──────── Records

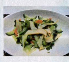
いかの燻製サラダ
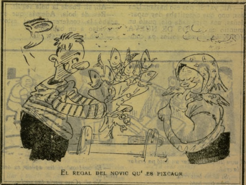
EL REGAL DEL NOVIO QU' ES PIXCAOR
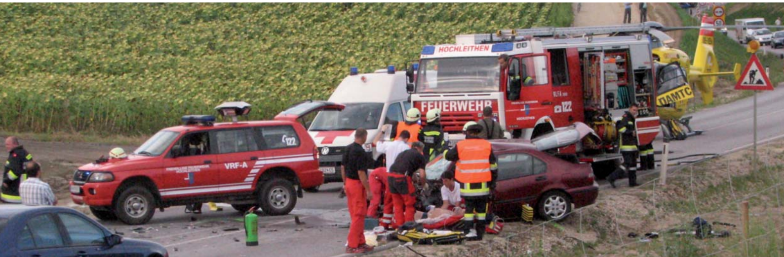
Gemeinsam mit den Rettungskräften wurde der schwer verletzte Fahrer versorgt.

HOCHLEITHEN / B7 - Frontalzusammenstoß zwischen PKW und LKW | 13.08.2009 – 17:23 |
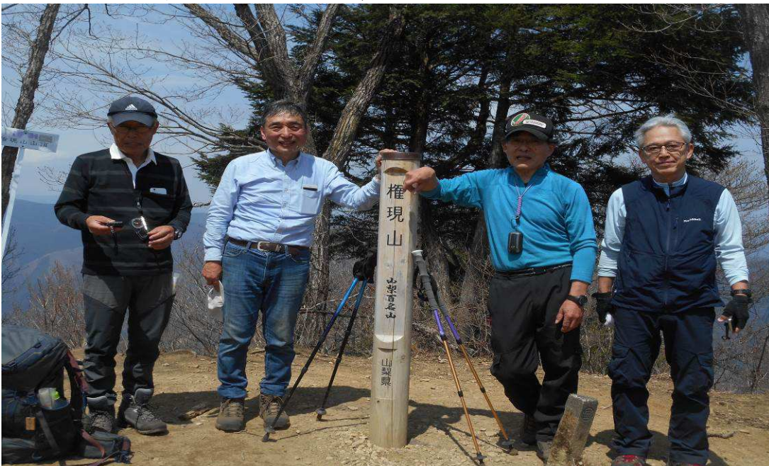
権現山での記念写真 3名の登山者は昼食中 百蔵山よりの人たちでした
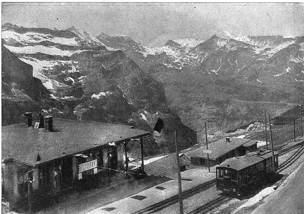
Station Eigerwandschpeli du chemin de fer de la Jungfrau. Vue sur Mürren

Le parcours de toute la ligne du chemin de fer de la Jungfrau est un chef-d'œuvre de technique remarquable, mais quelques points sont cependant à admirer tout spécialement, soit par la splendeur de la vue qu'ils offrent, soit par l'originalité du site.
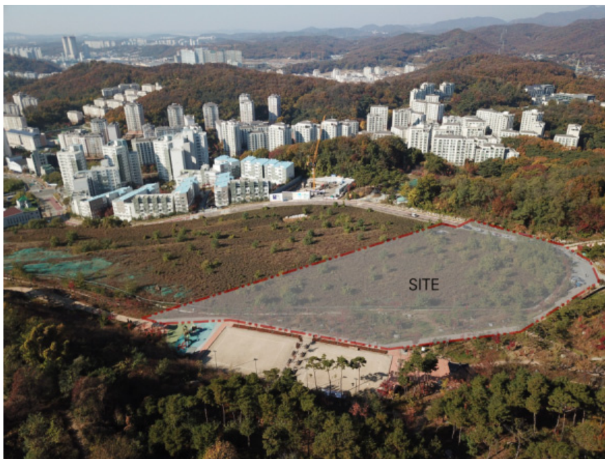
〈그림 3〉 국립한국문학관 설립 부지 전경

지원은 물론 문학인 및 문학 향유자를 위한 지원 역시 확대될 것이라는 기대가 모아졌다. 문학진흥계획의 정책적 추진을 위하여 문체부는 우선적으로 국립한국문학관 설립을 추진하였다. 문학진흥법 제18조에 의하면, 문화체육관광부 장관은 국가를 대표하는 문학관으로 국립한국문학관을 설립해야하며, 국립한국문학관은 법인으로 하되 문화체육관광부 장관이 관장을 임명하게 된다. 이에 2022년 개관을 목표로 하여 2018년 11월에는 ‘국립한국문학관 설립추진위원회’에 의해 ‘은평구(은평뉴타운 3-13BL 및 기차촌 근린공원 일원/ 19,800㎡)’로 설립 부지가 확정되었다.
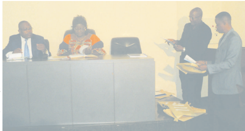
La séance d'ouverture des plis.

Parmi ces sociétés, quatre établissements ont soumissionné
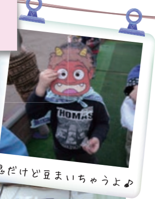
鬼だけど豆まいちゅうよ
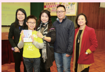
張笑容女士與張校長及聽眾人士合照
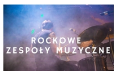
PROWADZI KRZYSZTOF STANIK
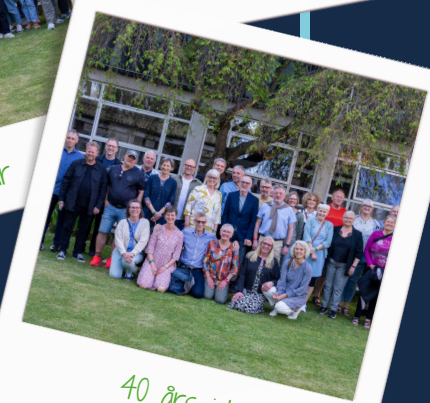
40 års jubilar
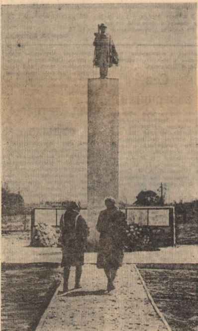
Этот памятник солдатам, не вернувшимся с войны, был торжественно открыт в день 40-летия Победы в деревне Ретневой. На мемориальных плитах выбиты имена 103 воинов, павших на полях сражений Великой Отечественной войны. Память о них хранят жители Ретневского сельского Совета.
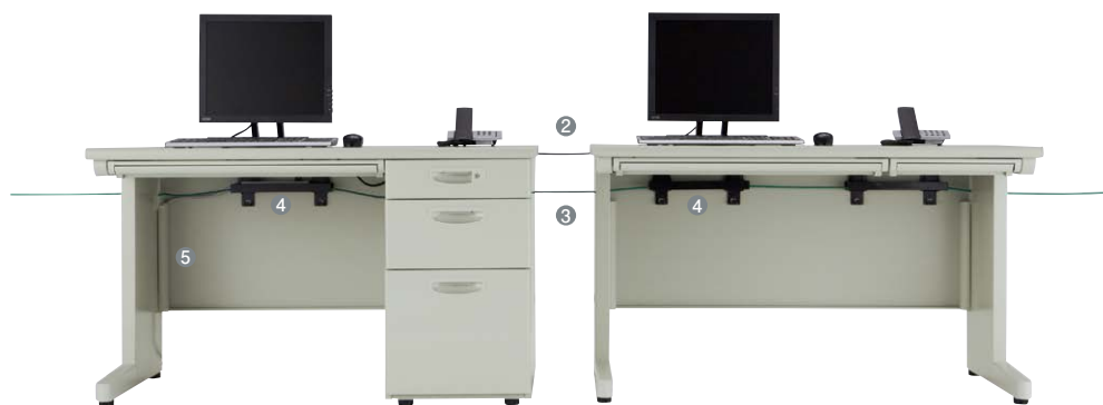
開閉式配線カバー
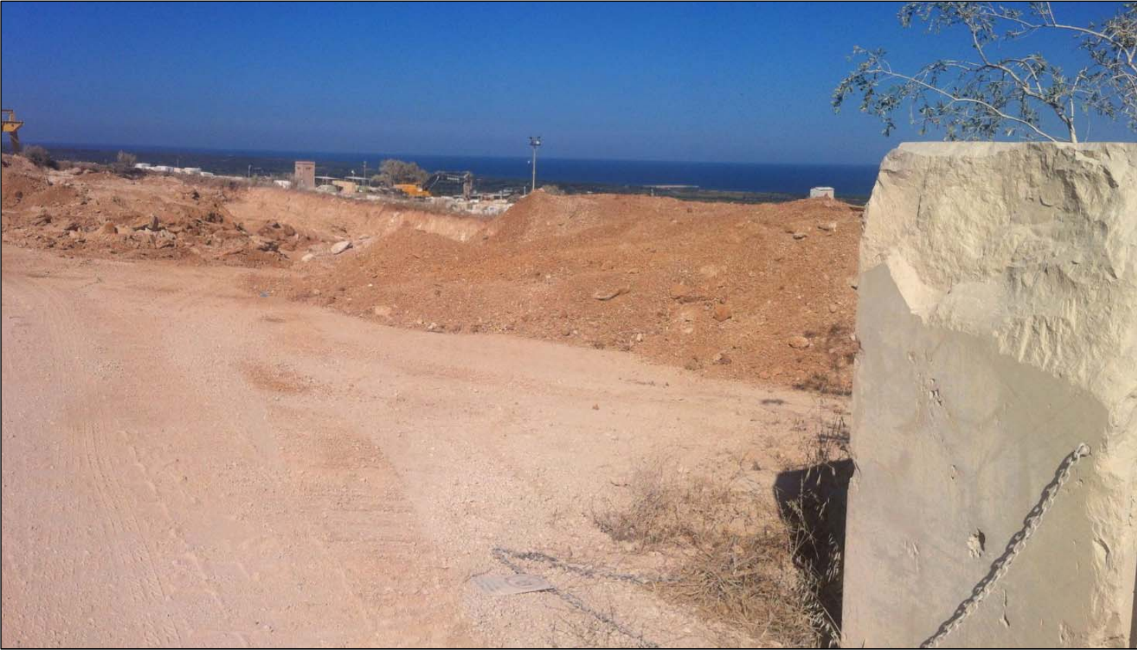
PUNTO DI VISTA N°4
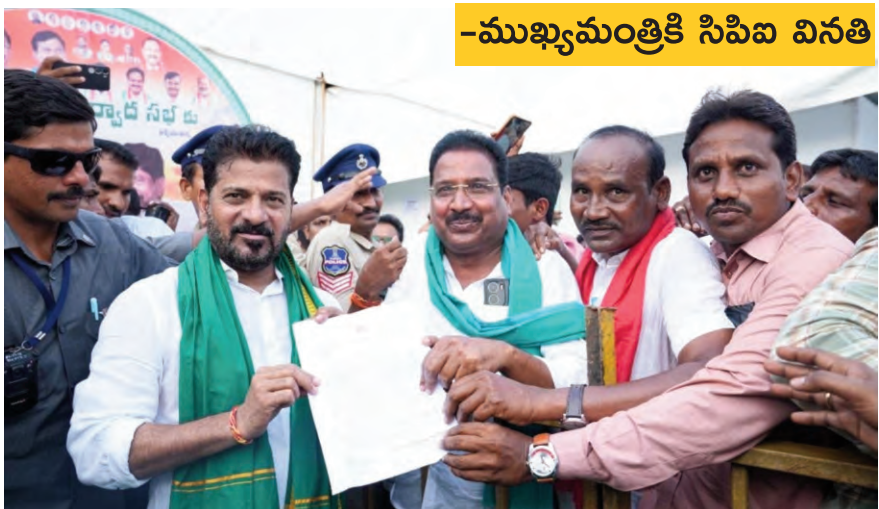
-ముఖ్యమంత్రికి సిపిఐ వినతి

ప్రజాపక్షం/ఖమ్మం : ఉమ్మడి ఖమ్మంజిల్లా సాగు నీటికి సంబంధించి ప్రధాన జీవనాధారంగా ఉన్న సీతారామ ప్రాజెక్టును త్వరితగతిన పూర్తి చేయాలని భారత కమ్యూనిస్టు పార్టీ ఖమ్మం జిల్లా సమితి ఆధ్వర్యంలో ముఖ్యమంత్రి రేపంత్ రెడ్డికి వినతి పత్రం సమర్పించారు. ఖమ్మం జిల్లాలో రెండున్నర లక్షల ఎకరాల నూతన ఆయకట్టుకు సాగునీటిని ఇవ్వడంతో పాటు నాలుగున్నర లక్షల ఎకరాల ఆయకట్టు స్థిరీకరణకు సంబంధించి ప్రారంభించిన సీతారామ ప్రాజెక్టు నిధుల
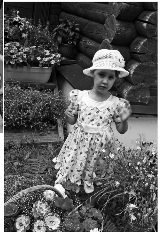
В оранжерее Спасского
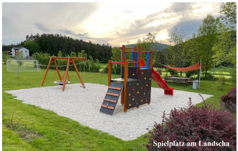
Spielplatz am Landscha

Alle Familien sind herzlich eingeladen, unsere verschiedenen Spielplätze zu besuchen.
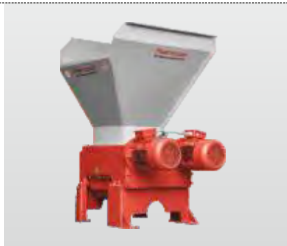
Baureihe RMZ 500 - RMZ 1000 S: der Vierwellenzerkleinerer, ideal zum Zerkleinern von langen Teilen
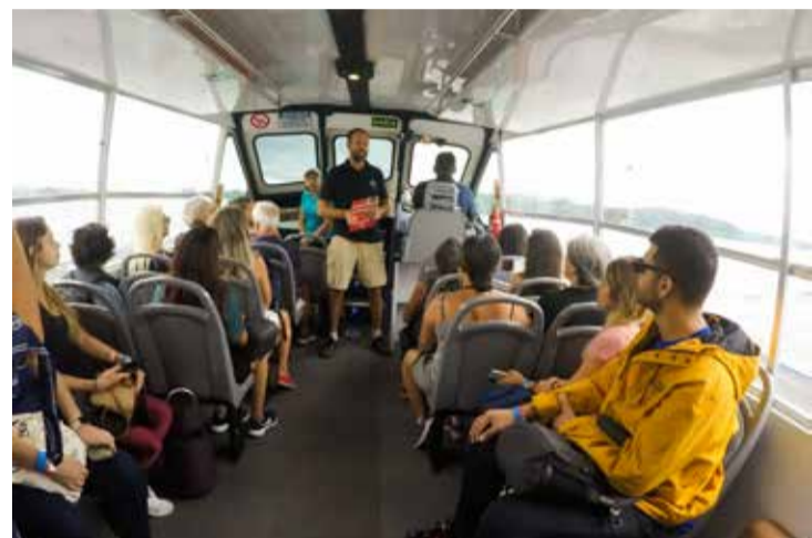
O programa gratuito da Prefeitura conta com uma série de passeios guiados pela cidade em pontos turísticos estratégicos

Para participar de um dos roteiros, é preciso fazer a reserva antecipada, na pla-

────────────────

Exercise description :: Print exactly the lines above that run from the one with "Gemeinsam mit den" to the one with "Station Eigerwandschpeli du", both included. No pictures.

Answer for the task ::
Gemeinsam mit den Rettungskräften wurde der schwer verletzte Fahrer versorgt.

HOCHLEITHEN / B7 - Frontalzusammenstoß zwischen PKW und LKW | 13.08.2009 – 17:23 |
権現山での記念写真 3名の登山者は昼食中 百蔵山よりの人たちでした
Station Eigerwandschpeli du chemin de fer de la Jungfrau. Vue sur Mürren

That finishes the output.